1973 WWI board wargame

Richthofen's War, subtitled "The Air War 1916–1918", is a board wargame published by Avalon Hill in 1973 that simulates aerial combat during World War I.

==Description==
Richthofen's War is a two-player game in which one player controls one or more German airplanes of the First World War, and the other player controls Allied aircraft.

===Components===
The game box contains:
- 22" x 24" mounted hex grid map of a section of the Western Front, including lines of trenches and no man's land
- 80 die-cut counters
- rulebook
- eight scenario cards
- playing aids and charts
- airplane data card
- six-sided die

===Scenarios and gameplay===
The first edition of the game comes with eight scenarios. In some of the scenarios, several alternative pairings of aircraft are given. Using Basic Rules, players control one aircraft each; both have identical flight properties. The Advanced rules allow for more aircraft that have varied flight characteristics.

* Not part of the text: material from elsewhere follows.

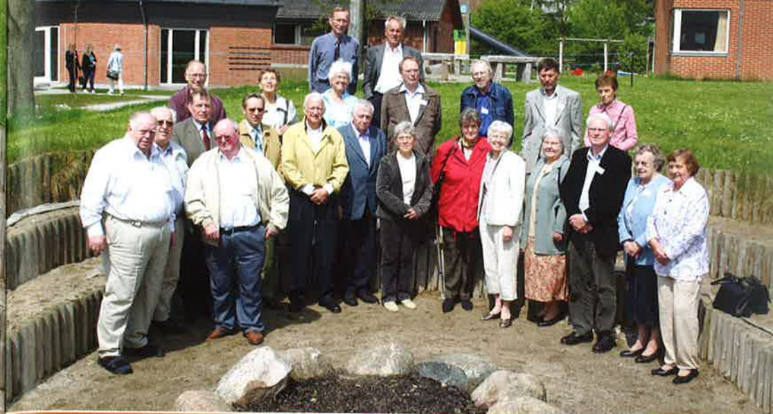
50 års jubilarer

The second edition released in 1977 has 23 missions that can be played as a campaign game.

==Publication history==
In 1966, Mike Carr designed a game of First World War aerial combat, Fight in the Skies, after watching the movie The Blue Max. In 1972, Simulations Publications Inc. (SPI) published a similarly-themed aerial combat wargame, Flying Circus. The following year, Avalon Hill released the very similar Richthofen's War, designed by Randall C. Reed, with graphic design and artwork contributed by Reed, Donal Greenwood, Thomas N. Shaw, W. Scott Moores, and Thomas N. Shaw. The Avalon Hill General Index and Company History claimed that "Although owing much of its inspiration to Flying Circus and Fight in the Skies, [Richthofen's War] was readily recognized as better than its predecessors."

Although SPI claimed that Richthofen's War was virtually identical to their Flying Circus game, their own poll showed that Richthofen's War enjoyed a higher initial popularity when it was released, and continued to be more popular than SPI's game at six months and one year after publication. In 1977, four years after its release, Richthofen's War still placed in the top 50 in SPI's poll of wargames.

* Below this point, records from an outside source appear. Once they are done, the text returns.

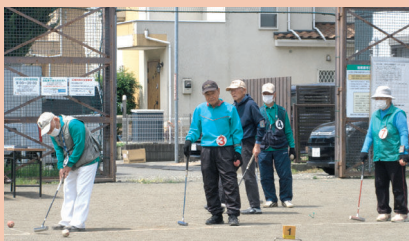
5月12日(金) 淵野辺本町ふれあい広場

優勝 Aブロック 共和南町 Bブロック 淵野辺 Cブロック 中淵 Dブロック 淵野辺銀盛会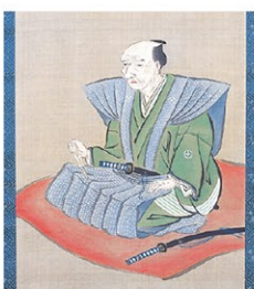
伊能忠敬肖像画(部分) 【伊能忠敬記念館】

上毛かるたでおなじみの関孝和や日本地図を作成した伊能忠敬といった江戸時代の科学者たちにスポットを当て、地図や肖像画などさまざまな資料を通して活気のあるエネルギーに満ちた江戸時代の一端を紹介します。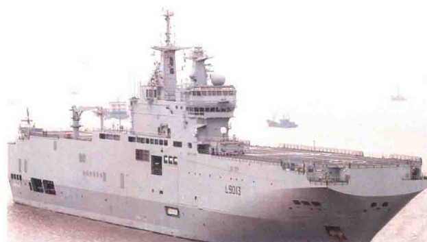
法国产西北风级两栖攻击舰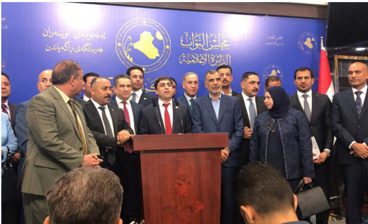
مؤتمر صحفي لكتلة سائرون النيابية "أرشيف"

Avalon Hill published an expansion set of 27 maneuver cards in 1977.

==Reception==
In A Player's Guide to Table Games, John Jackson called this game "very likely the best wargame on the market. [...] it requires less time to learn, set up and play than any other likely candidate, and it is easy to add options gradually, from game to game, as you become increasingly familiar with play." Jackson concluded, "In short, if I were limited to a single wargame, it would be Richthofen's War."

In his 1977 book The Comprehensive Guide to Board Wargaming, Nicholas Palmer noted "this game has surprised many with its continuing success." He listed its good points as "an excellent product, clear rules, well balanced between playability and realism, a variety of brisk scenarios, and a good period 'feel', with a more interesting mapboard that usual in air games."

In the 1980 book The Complete Book of Wargames, game designer Jon Freeman noted that "the game system is remarkable in its portrayal of the various factors involved in aerial combat during World War I." Freeman also pointed out that the game could be played by anyone, commenting, "The game has always been among the most enjoyable in the genre and, despite its complexities, can be played by the rankest novice." He concluded by giving the game an Overall Evaluation of "Excellent", saying, "The multitude of scenarios possible will keep the game fresh long after less diversified games have become stale. It has something for everyone."

Bill Thompson, writing for the Wargame Academy, noted that Richthofen's War attracts an older demographic, saying, "its forte and foible is its simplicity and familiarity with old time gamers. [...] Game strength is its role as an introductory game and ease of player designed scenarios and campaigns. The introduction of the maneuver card variant added some realism, suspense and refinement."

In Issue 22 of Moves, Carl Hoffman called SPI's Flying Circus "a much more limited game" compared to Richthofen's War.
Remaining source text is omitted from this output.